A recent Judicial Review case in the Court of Appeal called "Sajjad" illustrated some of the difficulties and it also caused, to borrow a phrase, some scratching of heads.
Mr Sajjad applied for a Tier 1 Entrepreneur extension visa. It seems that he satisfied the job creation criteria but, according to the Home Office, he did not satisfy the funds investment criteria. This is not to say that he had not invested sufficient funds. In his case the amount was a mere £200,000 and the evidence clearly showed that he had spent about £500,000 on his business. But, according to the Home Office, not in the correct manner.
This is a classic situation. The entrepreneur is obviously a genuine and committed entrepreneur who wants to make their business succeed. But allegedly they did not follow the rules quite correctly and, as a result, they face the real possibility of having to leave the UK and abandon running their business.
This, if it actually happens, is a very harsh outcome and it does not seem a great deal "fair". And it also seems rather to defeat the purpose of the Tier 1 Entrepreneur scheme, which is to encourage good businesspeople to come to the UK and stimulate the economy.
But this way of thinking has not done well in the courts. The courts have often said that the Home Office is entitled to write fiendishly complicated rules if it wants to, and that the courts have to respect the rules - which have the force of law behind them - and what they say. In one previous case a judge said that "occasional harsh outcomes are a price that has to be paid for the perceived advantages of the PBS" - ie the points-based system, of which the Tier 1 Entrepreneur scheme is part.

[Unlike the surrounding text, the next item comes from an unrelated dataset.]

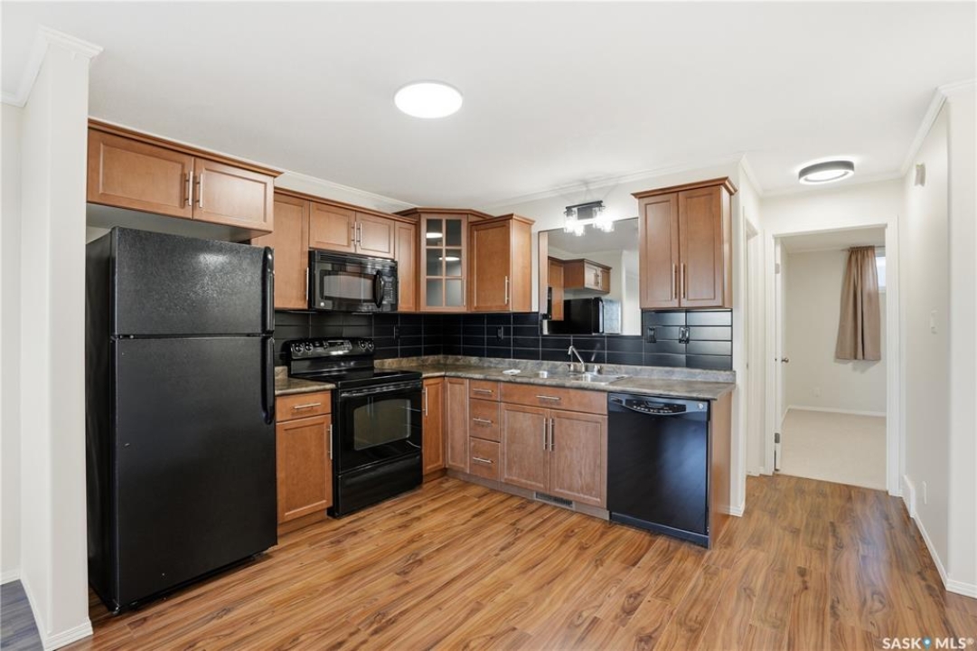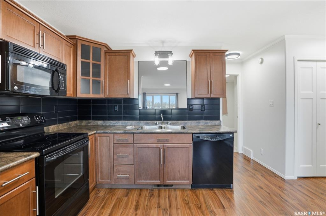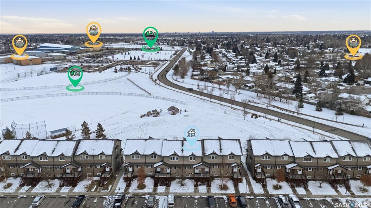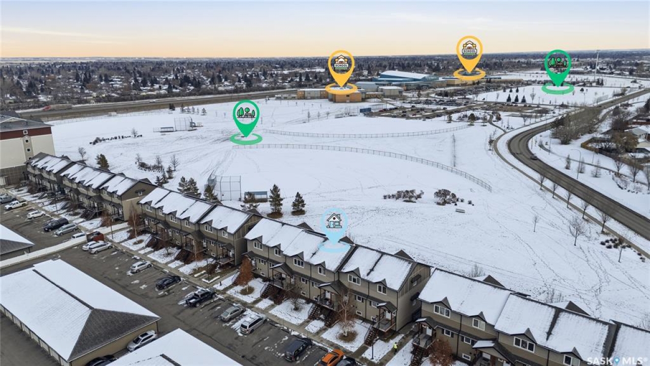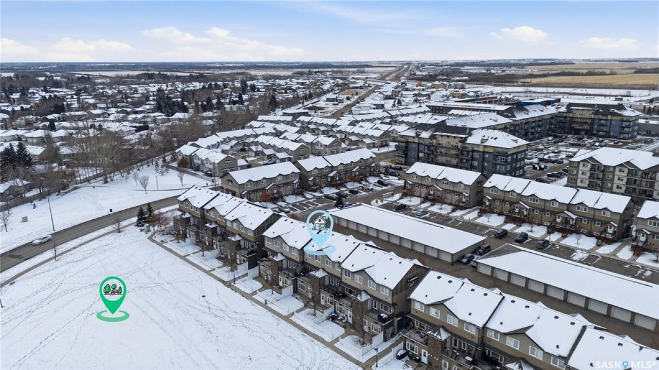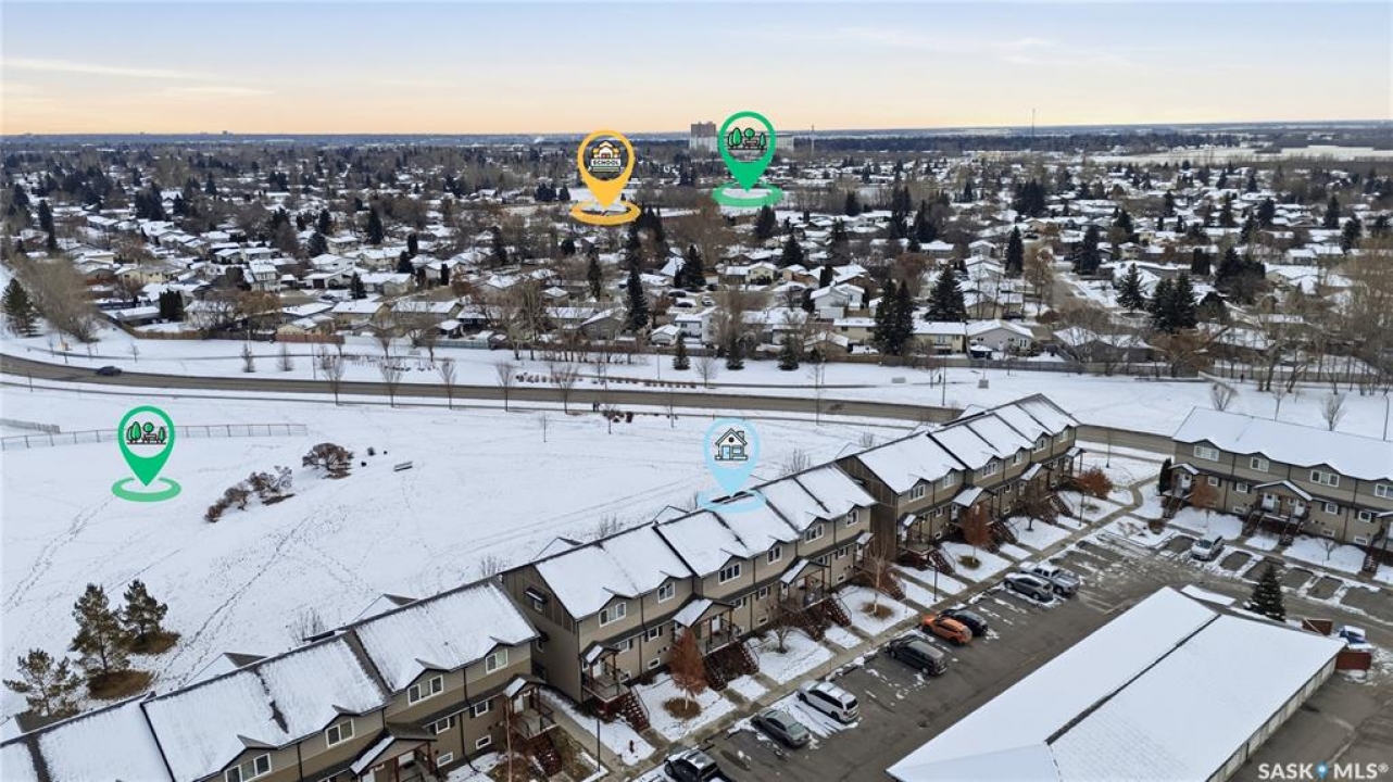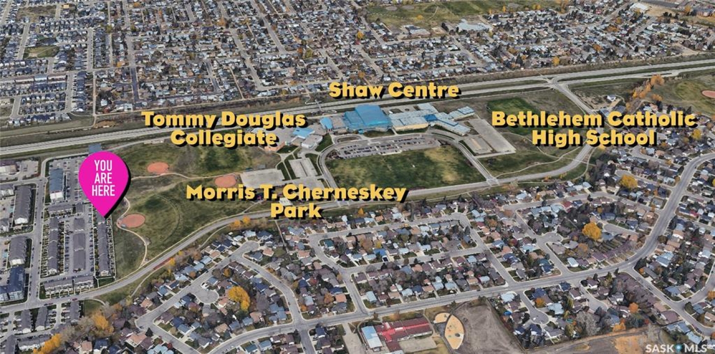 Welcome to 507-110 Shillington Crescent – a bright and inviting walk-up townhouse in the heart of Blairmore. Situated directly across from a green space, walking trails, baseball diamonds and steps from Tommy Douglas Collegiate and Bethlehem Catholic High School, this location offers a perfect blend of convenience and community. Inside, you'll find a well-designed 2-bedroom, 1-bathroom layout featuring fresh paint, updated lighting, and a stylish matte tile backsplash in the kitchen. The open concept living space is filled with natural light, and both bedrooms offer comfortable proportions and good closet space. An electrified parking stall is included, and the unit has its own furnace and water heater—giving you control over your utilities and comfort. With shopping, parks, schools, and transit all just steps away, this townhouse is move-in ready and an ideal fit for first-time buyers, students, or anyone looking for low-maintenance living in a great neighborhood.

We really wonder what these "perceived advantages" might be in practice but, anyway, the Court of Appeal in the "Sajjad" case reminded itself of this and acted accordingly: the rules must be fully met for the case to succeed, and there is very limited scope for flexibility.
But it seems that this case may - or possibly may not - have developed an important new principle about Tier 1 Entrepreneur investment.
The Home Office lawyer told the court that there are only two possible appropriate methods of investment: by way of investment in company shares or by way of director’s loan to the company. The court appeared to accept what he said, but the wording of the court’s decision was nonetheless rather oblique.
This case suffered from something of a "time warp" factor, which might not have helped. The original Home Office refusal decision had been made as long ago as 2015, and since then several versions of the relevant immigration rules and associated policy guidance have come and gone.
But an examination of the rules existing in 2015 (which were the ones relevant to the court’s decision) suggest that there might be a third option: ie direct investment of funds into the company, not by way of director’s loan. But the court was not sympathetic to this idea. The court preferred the Home Office lawyer’s assertion that such an investment of funds was, by its very nature, a director’s loan, even if not described as such. And Mr Sajjad’s investment had not met the detailed criteria for a director’s loan, so he had fatally fallen foul of the rules, and he was thus unsuccessful.
We feel sorry for Mr Sajjad and we also feel confused, because rules and policy guidance now displayed on the Home Office website seem to clearly envisage the possibility of direct investment into the company for Tier 1 Entrepreneurs. If the court’s decision means what it seems to mean then this material needs to be amended.
However, as we earlier suggested, the court’s decision was not entirely clear. The Court of Appeal has power to strike down immigration rules if they think they are unlawful or irrational but it did not do so in this case.
We hope that some clarification about this will emerge.